WHAT IS EXPECTED ->
Will you output all of the data below exactly, omitting the images?

PROVIDED DATA ->

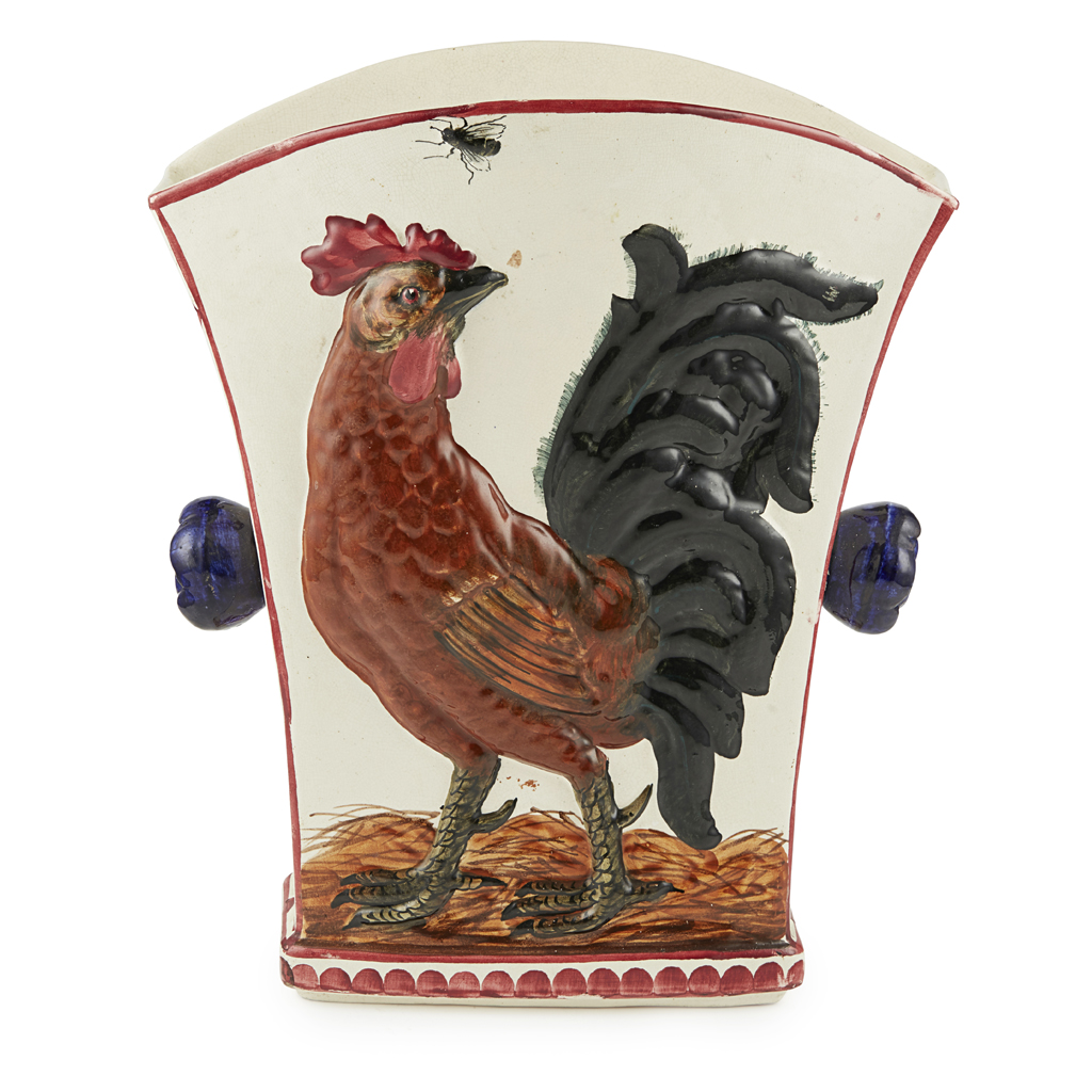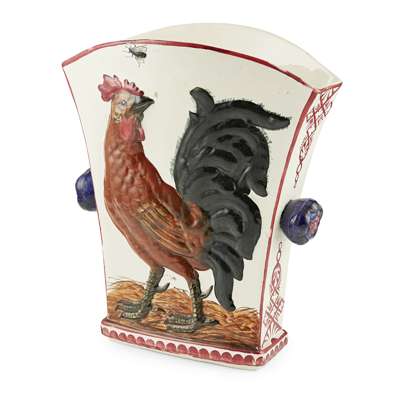 moulded in relief to one side and painted with a cockerel chasing a fly, and to the other with a group of dahlias, the sides with applied rosette bosses, painted maker's marks R.H.&S./ FIFE POTTERY
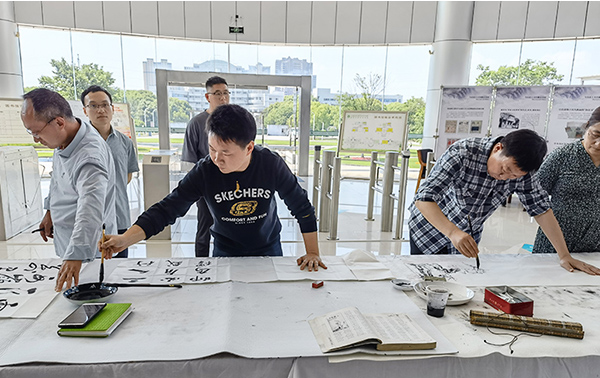最是“墨”香能致远,振奋精神诗书画。5月22日,由图书馆、团委和工会联合举办的“书写红色经典、传承传统文化书法比赛、展览暨爱好者笔会”等活动在图书馆举办。学院工会主席江德明、图书馆馆长张田林,句容市文联主席傅丽莉,句容市二十余名书画名家及我院书画爱好者参加了活动。
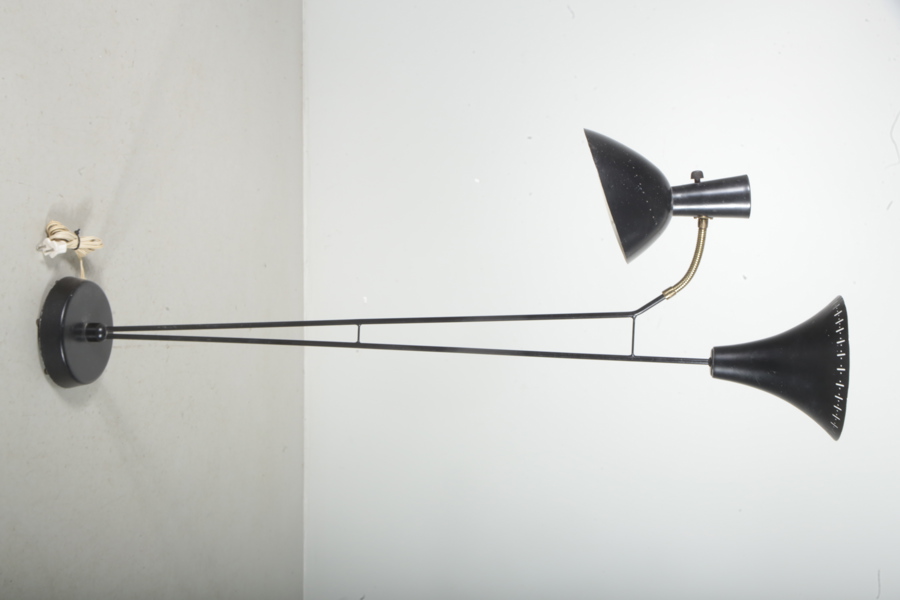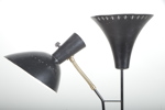 Svartlackad metall. 2st skärmar varav 1st böjbar. Modellen formgiven: 1955-1956H= 135cm
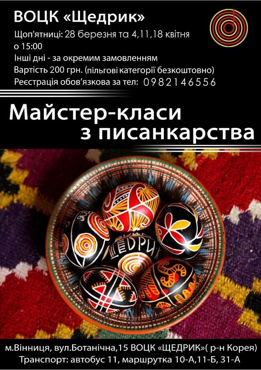 З 28 березня у Вінницькому обласному центрі культури «Щедрик» розпочинаються майстер-класи з писанкарства. Заняття будуть проводитися щоп’ятниці о 15:00. Майстер-класи відбудуться 28 березня, а також 4, 11 і 18 квітня.

SOLUTION TO THIS EXERCISE ->
 moulded in relief to one side and painted with a cockerel chasing a fly, and to the other with a group of dahlias, the sides with applied rosette bosses, painted maker's marks R.H.&S./ FIFE POTTERY
最是“墨”香能致远,振奋精神诗书画。5月22日,由图书馆、团委和工会联合举办的“书写红色经典、传承传统文化书法比赛、展览暨爱好者笔会”等活动在图书馆举办。学院工会主席江德明、图书馆馆长张田林,句容市文联主席傅丽莉,句容市二十余名书画名家及我院书画爱好者参加了活动。
 Svartlackad metall. 2st skärmar varav 1st böjbar. Modellen formgiven: 1955-1956H= 135cm
 З 28 березня у Вінницькому обласному центрі культури «Щедрик» розпочинаються майстер-класи з писанкарства. Заняття будуть проводитися щоп’ятниці о 15:00. Майстер-класи відбудуться 28 березня, а також 4, 11 і 18 квітня.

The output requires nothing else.